I have circled the questions that I cannot answer...(The question is attached)

Please show me the method of how to get the answer, which should be:
d (ii) g= x+2n and i= x+2+2n
d (iii) 4n

Thanks

2. I might have no idea what I'm saying but here goes. n = 5. Since the 3 X 3 grid is chosen from the 5 x 5 grid or 3 x 3 grid is chosen from the n x n grid. If g = 11, and x = 1, then x+2n or 1+2(5) = 11. And if i = 13. Then x+2+2n or 1+2+2(5) = 13. Since cg-xi = 20, and n = 5, then 4n or 4(5) equals 20.

I hope that helped?

3. start from the point "x" in an nxn grid.

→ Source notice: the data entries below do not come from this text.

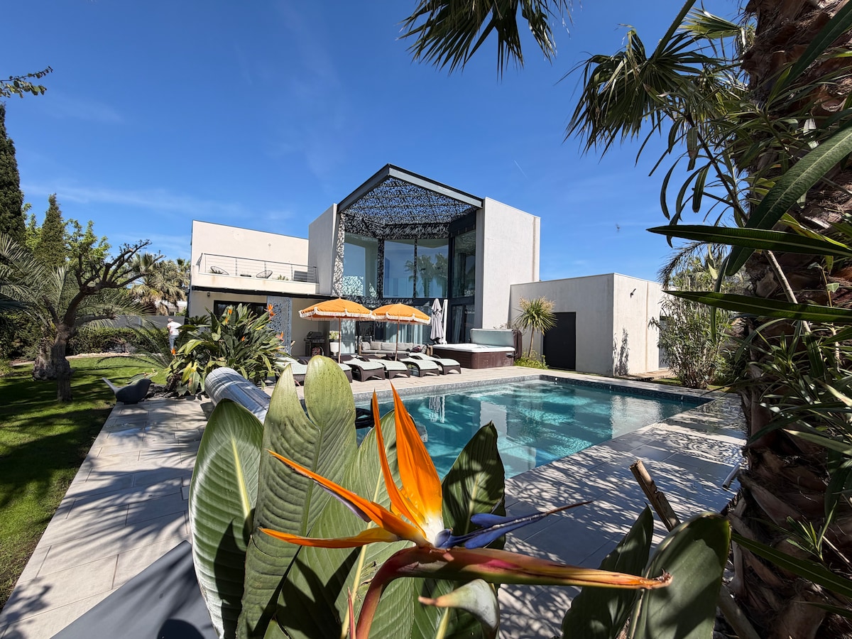 Villa Paloma 8p kolam renang SPA Cap d'Agde Pantai Laut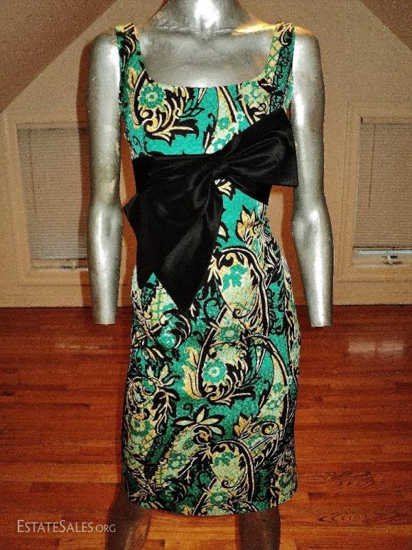 Vtg Kay Unger NY silk brocade wiggle dress Kitten bow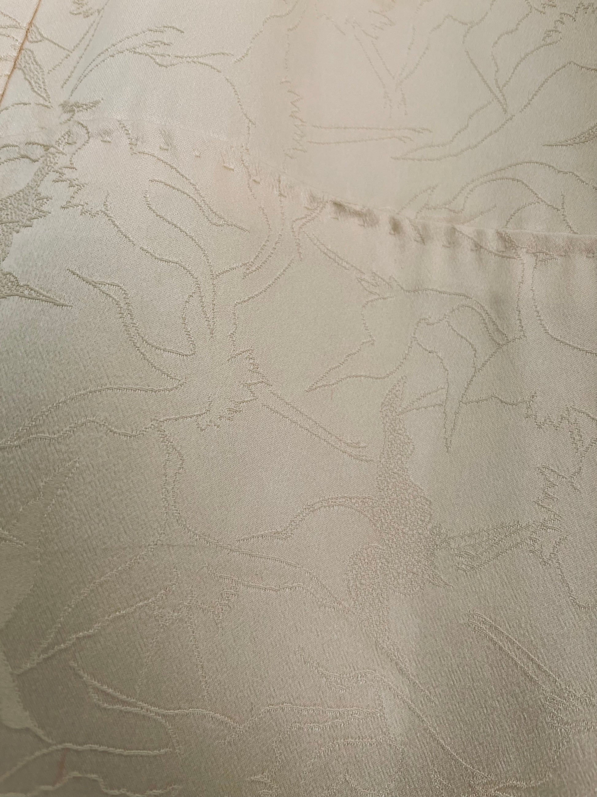 This rare vintage kimono in soft ivory carries the quiet shimmer of rinzu — a premium silk jacquard woven with cranes (tsuru), symbols of longevity and grace. The fabric itself is art — textured with flight, movement, and the serenity of tradition.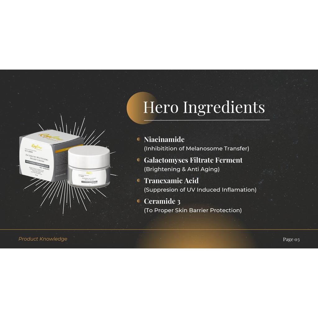 Kenapa harus ada Intensive Whitening Night Cream? - Whitening Agent (Bahan-bahan pencerah di dalam cream) dapat bekerja lebih optimal di malam hari tanpa ada sinar matahari - Kulit akan tampak lebih cerah dan noda hitam tersamarkan keesokan harinya - Formulanya membantu melindungi skin barrier dari faktor penyebab kulit kusam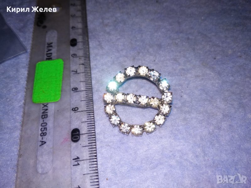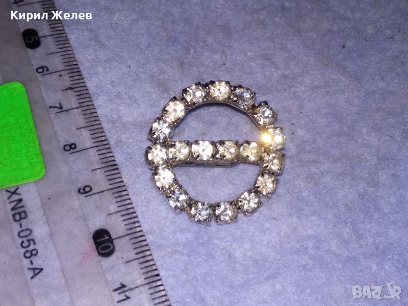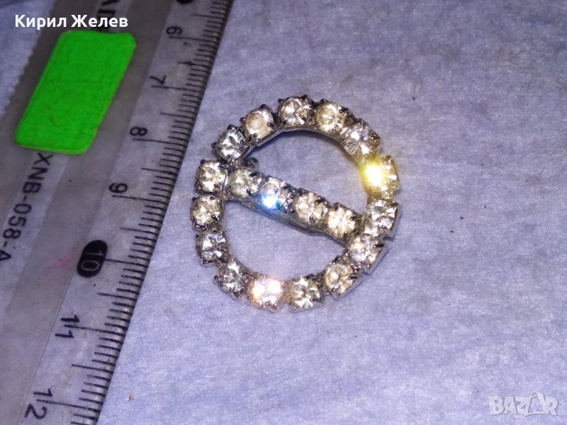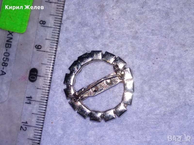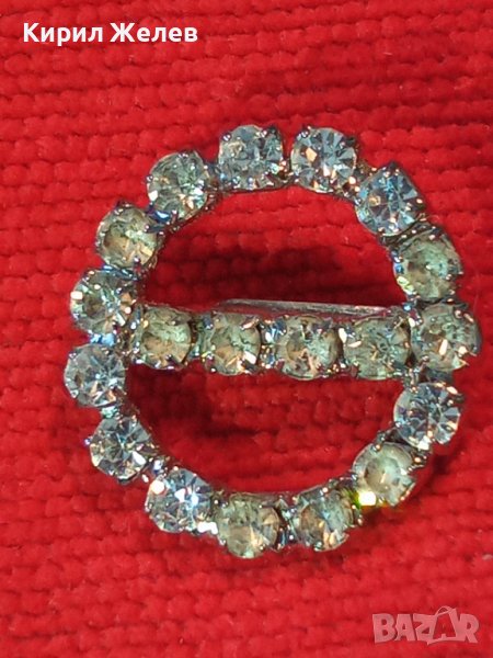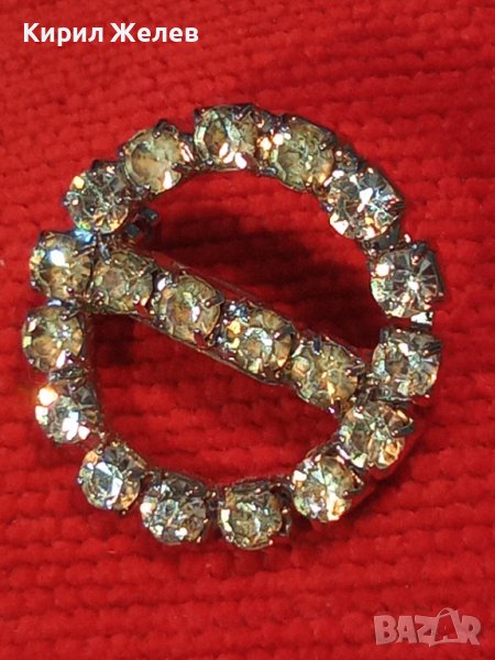 МЕСИНГОВА ПОСРЕБРЕНА РЕТРО БРОШКА с БЛЕСТЯЩИ ФАСЕТИРАНИ БОХЕМСКИ КРИСТАЛИ 37019

going "down one" will increase the number by n
going "right one" will increase the number by 1

Can you use this information to solve the problem?

Edit:not quite sure why i posted that since previous poster seems to have solved the problem :P

4. Originally Posted by SpringFan25
start from the point "x" in an nxn grid.

going "down one" will increase the number by n
going "right one" will increase the number by 1

Can you use this information to solve the problem?

Edit:not quite sure why i posted that since previous poster seems to have solved the problem :P
Your answer seems to make more sense x+2n or x, and 2 down.

5. Thanks you!

6. Originally Posted by SpringFan25
start from the point "x" in an nxn grid.
going "down one" will increase the number by n
going "right one" will increase the number by 1
I have a small doubt....
so now this formula (x+2n) can give me g in any grid, lets substitute this formula for a 3x3 grid. where n=3
1+3(3)=7, but it should be 11, why doesn't this formula work this way, it only works for the 5x5.

thanks

7. The 3x3 grid contains numbers from 1 to 9, so g cant possibly be 11.

in fact, there is only 1 way to take the 3x3 square from a 3x3 grid, which is this:

$\begin{array}{lll}1 & 2 & 3\\4&5&6\\7&8&9\\\end{array}$

g is 7 as predicted by the formula.

8. Originally Posted by SpringFan25
The 3x3 grid contains numbers from 1 to 9, so g cant possibly be 11.

in fact, there is only 1 way to take the 3x3 square from a 3x3 grid, which is this:

$\begin{array}{lll}1 & 2 & 3\\4&5&6\\7&8&9\\\end{array}$

g is 7 as predicted by the formula.
ow, now I get it.
i don't know what I was thinking..... stupid me!